Triangle $ABC$ lies in the first quadrant. Points $A$, $B$, and $C$ are reflected across the line $y=x$ to points $A'$, $B'$, and $C'$, respectively. Assume that none of the vertices of the triangle lie on the line $y=x$. Which of the following statements is not always true?
$\textbf{(A) }$ Triangle $A'B'C'$ lies in the first quadrant.$\\$
$\textbf{(B) }$ Triangles $ABC$ and $A'B'C'$ have the same area.$\\$
$\textbf{(C) }$ The slope of line $AA'$ is $-1$.$\\$
$\textbf{(D) }$ The slopes of lines $AA'$ and $CC'$ are the same.$\\$
$\textbf{(E) }$ Lines $AB$ and $A'B'$ are perpendicular to each other.
$\textbf{E}$
Let's analyze all of the options separately.
$\textbf{(A)}$: Clearly $\textbf{(A)}$ is true, because a point in the first quadrant will have positive $x$- and $y$-coordinates, and so its reflection, with the coordinates swapped, $(y,x)$, will also have positive coordinates.
$\textbf{(B)}$: The triangles have the same area, since $\triangle ABC$ and $\triangle A'B'C'$ are the same triangle (congruent). More formally, we can say that area is invariant under reflection.
$\textbf{(C)}$: If point $A$ has coordinates $(p,q)$, then $A'$ will have coordinates $(q,p)$. The gradient is thus $\dfrac{p-q}{q-p} = -1$, so this is true. (We know $p \neq q$ since the question states that none of the points $A$, $B$, or $C$ lies on the line $y=x$, so there is no risk of division by zero).
$\textbf{(D)}$: Repeating the argument for $\textbf{(C)}$, we see that both lines have slope $-1$, so this is also true.
$\textbf{(E)}$: By process of elimination, this must now be the answer. Indeed, if point $A$ has coordinates $(p,q)$ and point $B$ has coordinates $(r,s)$, then $A'$ and $B'$ will, respectively, have coordinates $(q,p)$ and $(s,r)$. The product of the gradients of $AB$ and $A'B'$ is $\dfrac{s-q}{r-p} \cdot \frac{r-p}{s-q} = 1 \neq -1$, so in fact these lines are never perpendicular to each other (using the "negative reciprocal" condition for perpendicularity).
Thus the answer is $\textbf{(E)}$.
There is a real $n$ such that $(n+1)! + (n+2)! = n! \cdot 440$. What is the sum of the digits of $n$?

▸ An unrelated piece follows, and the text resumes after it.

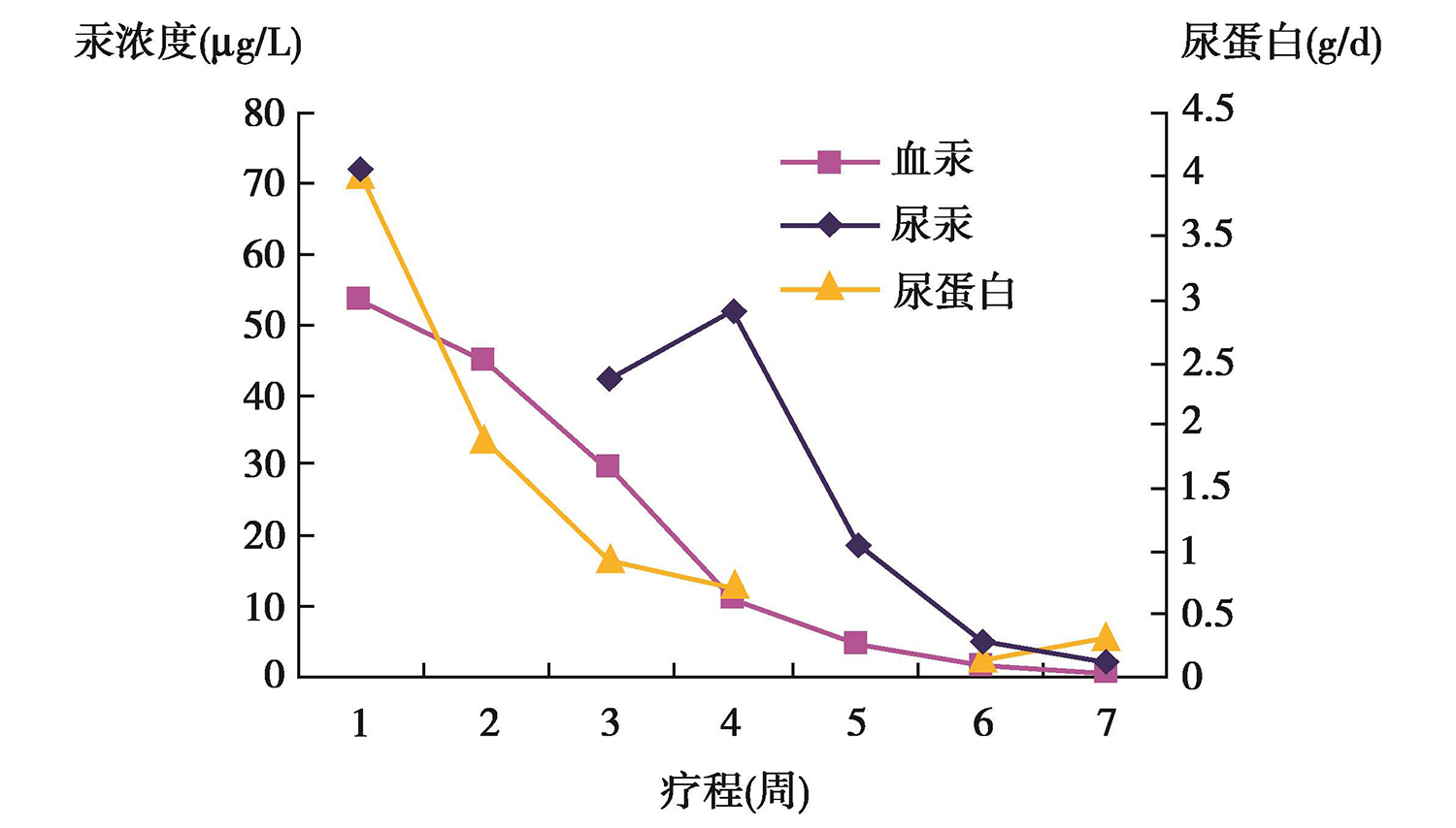 图1驱汞治疗后血/尿汞浓度及尿蛋白变化

$\textbf{(A) }3\qquad\textbf{(B) }8\qquad\textbf{(C) }10\qquad\textbf{(D) }11\qquad\textbf{(E) }12$
$\textbf{C}$
Dividing both sides by $n!$ gives\[(n+1)+(n+2)(n+1)=440 \Rightarrow n^2+4n-437=0 \Rightarrow (n-19)(n+23)=0.\]Since $n$ is non-negative, $n=19$. The answer is $1 + 9 = 10$.
Each piece of candy in a store costs a whole number of cents. Casper has exactly enough money to buy either $12$ pieces of red candy, $14$ pieces of green candy, $15$ pieces of blue candy, or $n$ pieces of purple candy. A piece of purple candy costs $20$ cents. What is the smallest possible value of $n$?
$\textbf{(A) } 18 \qquad \textbf{(B) } 21 \qquad \textbf{(C) } 24\qquad \textbf{(D) } 25 \qquad \textbf{(E) } 28$
$\textbf{B}$
The amount of money is a multiple of 12, 14, and 15. By prime factorization, we have $12=2^2\cdot3$, $14=2\cdot7$, and $15=3\cdot5$. So Casper has at least $2^2\cdot3\cdot5\cdot7=420$ cents. The smallest value of $n$ is $420/20=21$.
The figure below shows a square and four equilateral triangles, with each triangle having a side lying on a side of the square, such that each triangle has side length $2$ and the third vertices of the triangles meet at the center of the square. The region inside the square but outside the triangles is shaded. What is the area of the shaded region?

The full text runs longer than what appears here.